Выбрать главу

– Мама, ты чего? Что с тобой случилось?

– Не поняла. Что такое?

– У тебя такая пасмурная кожа. Ты вся красная! Вся!

Оказалось, в пылу работы я забыла об осторожности, и солнце отомстило за мою беспечность сполна. Лицо, руки, все открытые части тела были обожжены. Лоб, веки и щёки были покрыты тонкой корочкой соли. Во время работы мне недосуг было обращать на это внимание, но соль действительно начала разъедать глаза. Надо было что-то с этим делать. Сын потихоньку повёл меня домой. Одной рукой я опиралась на его плечо, другой держалась за рог козы. Когда мы подошли к кордону, глаза уже совершенно заплыли. Обожжённые веки стали походить на мозоли… Ну так, по крайней мере, сообщил сын. Поднялась температура. Я попыталась прилечь, но лежать было нечем, воспалённая кожа жаждала прохлады, да где ж её было взять об эту пору. Сын принёс воды из колодца, но смыть соль не вышло. До лица было невозможно дотронуться.

Когда и каким местом я примостилась, чтобы заснуть, не помню совершенно. А проснулась от приятных прикосновений и вкусного запаха блинов со сметаной.

– Ма-ам!
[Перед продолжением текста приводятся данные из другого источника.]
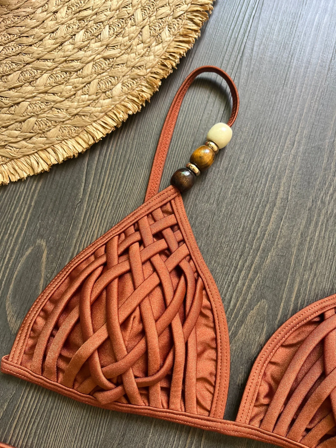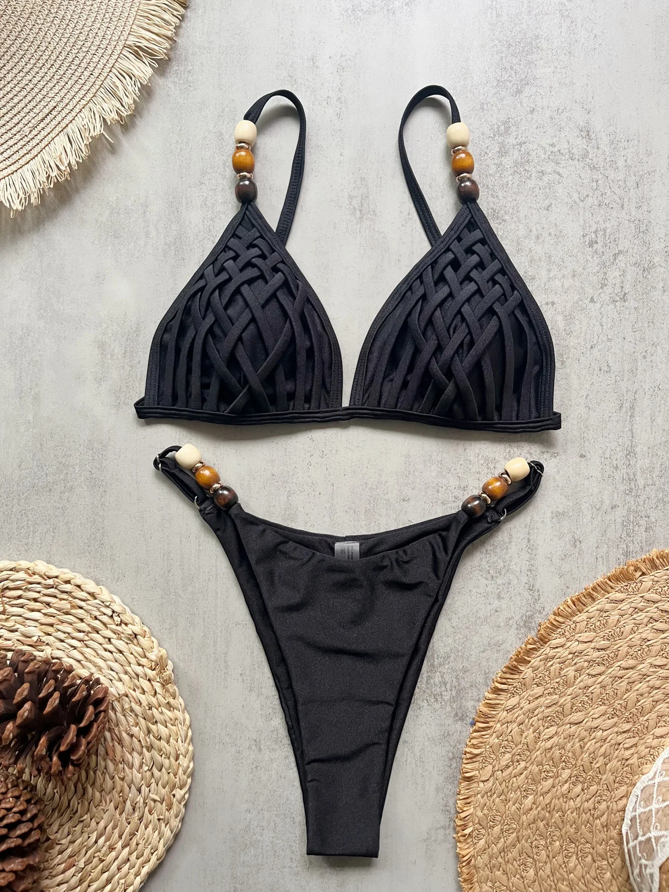 & Free ShippingCompra Conjunto de Bikini marrón Sexy para mujer, traje de baño brasileño con tirantes de perlas, sujetador de realce con agujeros, Tanga, traje de baño para playa 2026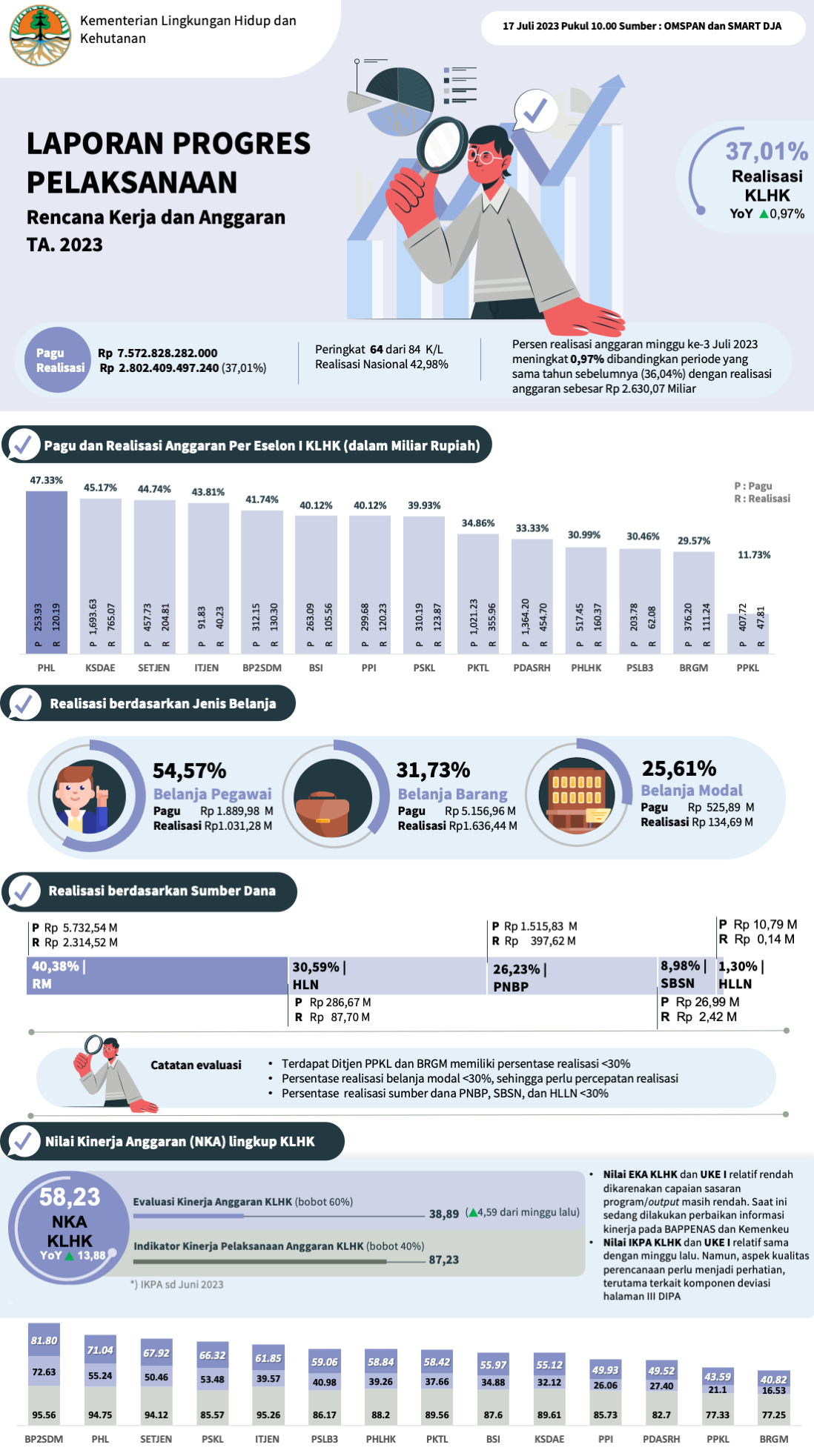Pagu Anggaran KLHK sebesar Rp. 7,57 Triliun dengan progres realisasi hingga minggu ini (17 Juli 2023) sebesar 37,01% atau sebesar Rp. 2,80 Triliun. Apabila dibandingkan dengan ca...

Ма-ма! Просыпайся!

Я попыталась открыть глаза, но не смогла.

– Ой, я забыл, что ты ещё не можешь. Мам, а можно я буду работать пастухом?

– Погоди, как это? Где? И почему у нас пахнет сметаной? Откуда сметана?

– Дядя Игорь дал, он пастух. Когда ты заснула, я вышел во двор погулять. Потом слышу – кто-то идёт, а это стадо коров, и дядя Игорь их пасёт. Я ему рассказал, что с тобой случилось, и он мне дал сметану, он себе нёс, покушать. И я тебе на лицо намазал.

– Ой… как неудобно. А я даже пирожков ему не могу сейчас испечь.

– Да ты не волнуйся, я дяде Игорю суп сварил!

– Какой же ты умничка! – растрогалась я, попыталась всплакнуть от умиления, но глаза этого ещё не умели. Слёзные железы тоже были под ржавым замком ожога.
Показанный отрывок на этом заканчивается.